Juba’s head snaps up as if he finds it surprising that news of our fall from favor has not spread to all corners of the empire. “Caesar is not interested in anything we might have to say about this matter. Your king would have a better chance of success if he were to sail to Judea himself and steal his daughter away in the dead of night. We can offer no help to you whatsoever.”
It is a flat and impolitic dismissal; there is nothing I can do to take the sting out of it for the Cappadocian emissary, who stiffly backs out of the room with a frosty farewell. If we had not already made an enemy of Archelaus by breaking the betrothal, we will surely have made one of him when he hears how his emissary was treated in our court. And yet my concern is for Juba. I reach for his hand, but my husband flinches away and I am reminded of how much he hates me.
*
I make a gift of ivory to the Cappadocian emissary to make amends for my husband’s harsh refusal, but I cannot think of what else I might do. That night, turning the problem over in my mind, I cannot sleep. In my aimlessness, I drift to the empty room where my son once slept. I touch the wooden chest at the foot of his bed. I sigh softly as my fingers find the indentation left by the hair-curling iron I once flung away because my son was so excited to run to his father’s arms.
The memory rips through me, bittersweet. I light the tiny lamp beside his empty bed. Then I climb in and press my cheek to his pillow, hoping to catch a scent of my boy and remember how preciously he tucked his little fists beneath his chin. By day he was as fierce as a Berber warrior, but at night, what a sweet babe he was …
Thinking I am alone, I am startled by something cold and wet against my hand and look down to see the nose of my son’s dog. How soft her ears are, I think as I stroke her big ugly head. Luna climbs up into the bed next to me and I stroke her, wondering if she too is searching for my son. She was there with him at the end, barking and barking. She might have abandoned him to the fire, running away in fear as the horses did. But she stayed with him, a loyal hound indeed.

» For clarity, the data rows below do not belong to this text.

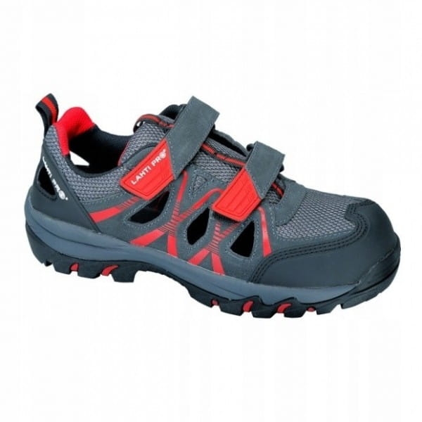 Sandały męskie z podnoskiem kompozytowym Lahti Pro L30603. Najnowsza kolekcja butów roboczych dla Panów. Wierz buta wykonany ze skóry zamszowej z dodatkiem dzianiny siatkowej dla lepszej wentylacji stopy. Gumowana podeszwa chroniąca przed poślizgiem na podłożu stalowym oraz ceramicznym oraz podnosek kompozytowy chroniący stopę przed uderzeniami. But spełnia właściwości elektrostatyczne. Obuwie posiada certyfikat CE oraz normę ISO 20345 oraz jest w drugiej kategorii środków ochrony indywidualnej.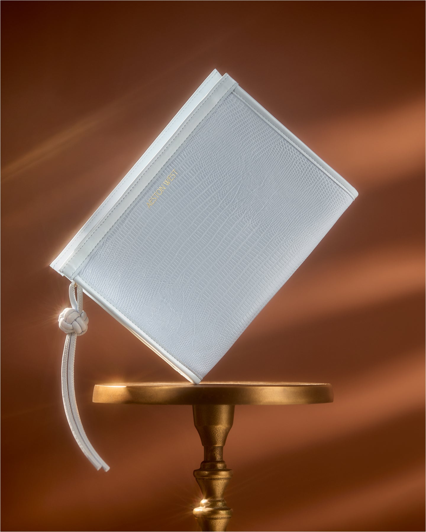Pack your Aeston West essentials (Discovery Kit, Cleansing Puffs, or full-size bottles). Zip securely with the knotted pull, remove the keychain when needed, and carry it inside your tote, suitcase, or in-hand as an elegant evening accessory.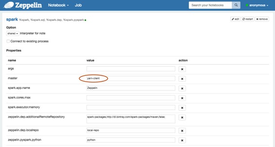 不要忘记在“Zeppelin Interpreters”设置页面中设置Spark master,如下所示。yarn-client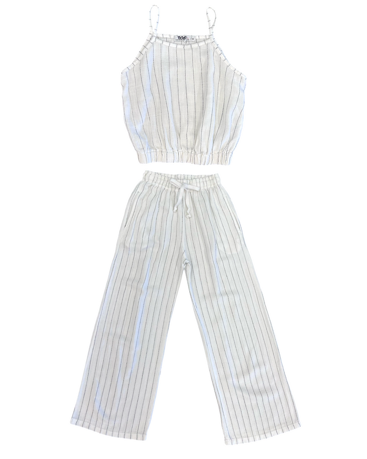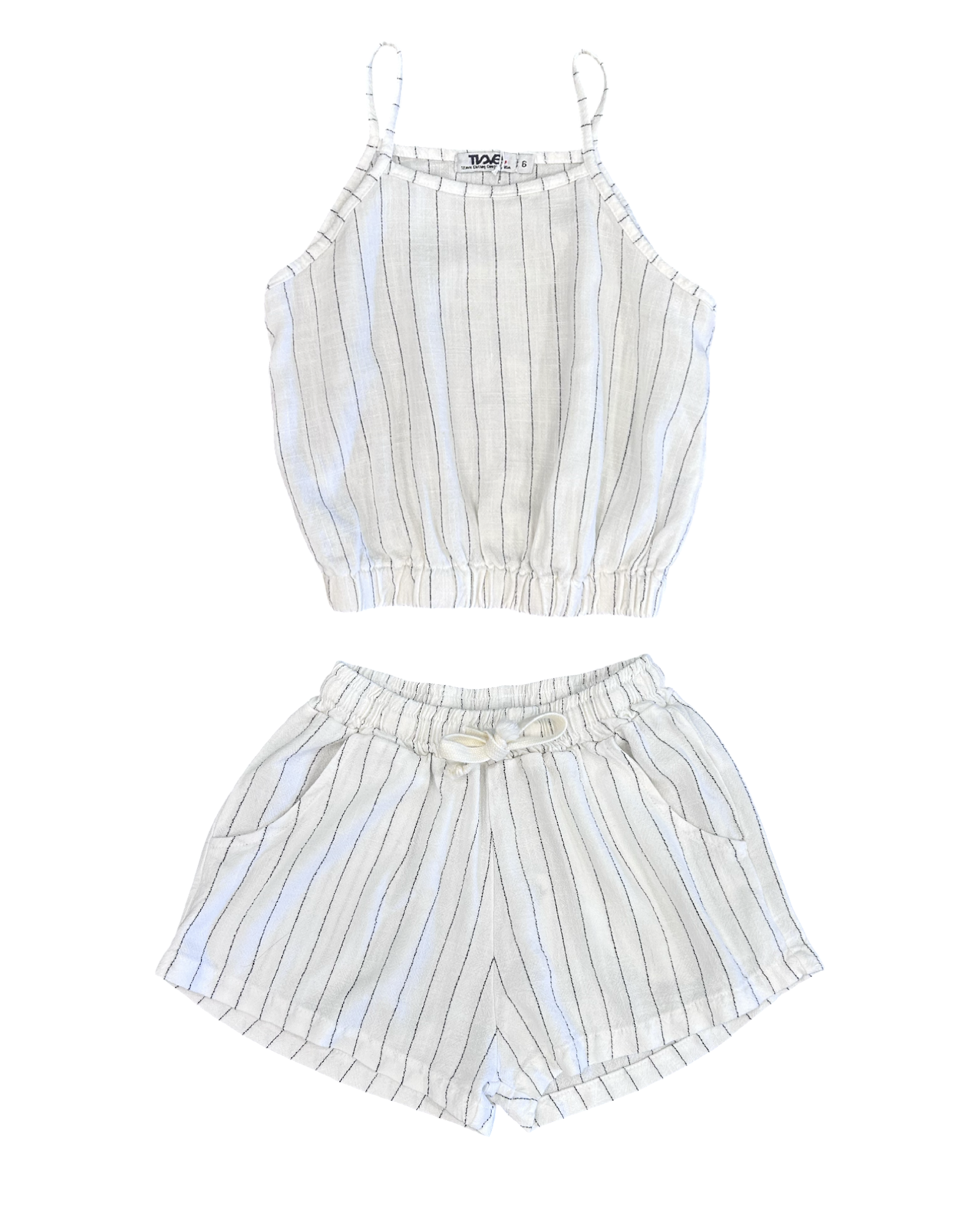 Perfect for warm weather adventures, this girls' cami tank combines comfort with effortless style. The classic white and black striped design pairs with everything in her summer wardrobe, while the elastic waist ensures a flattering, flexible fit all day long. Crafted from lightweight, breathable fabric, it's ideal for sunny days at the beach, park, or poolside. The simple tank silhouette layers beautifully under jackets or stands alone as a go-to casual essential. Give her the comfort and versatility she'll reach for again and again.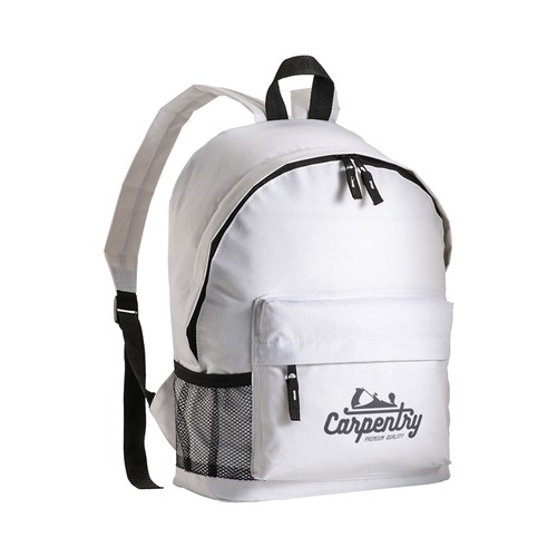 600D polyester 3-pocket backpack (one mesh side pocket). Adjustable shoulder straps and padded back

Luna’s silver paws have healed up nicely, but she is shy of flame now, her eyes wary when I lift the lamp to get a closer look at Isidora’s handiwork. “Poor dog. You will never forget and neither will I.”
My son did not die in a bed, in the arms of his mother. He died near this dog, and I want to be near him. I whisper my son’s name and offer the bewildered animal the comfort that I cannot give to Ptolemy. I stroke her, searching the warmth of her coat, reaching for any tendril of connection to my son’s spirit.
All at once, the hound lifts her head in alertness at a noise at the door and I glance up to see Juba there. We have startled the king as much as he has startled us, and he gruffly asks, “What are you doing here with Ptolemy’s dog?”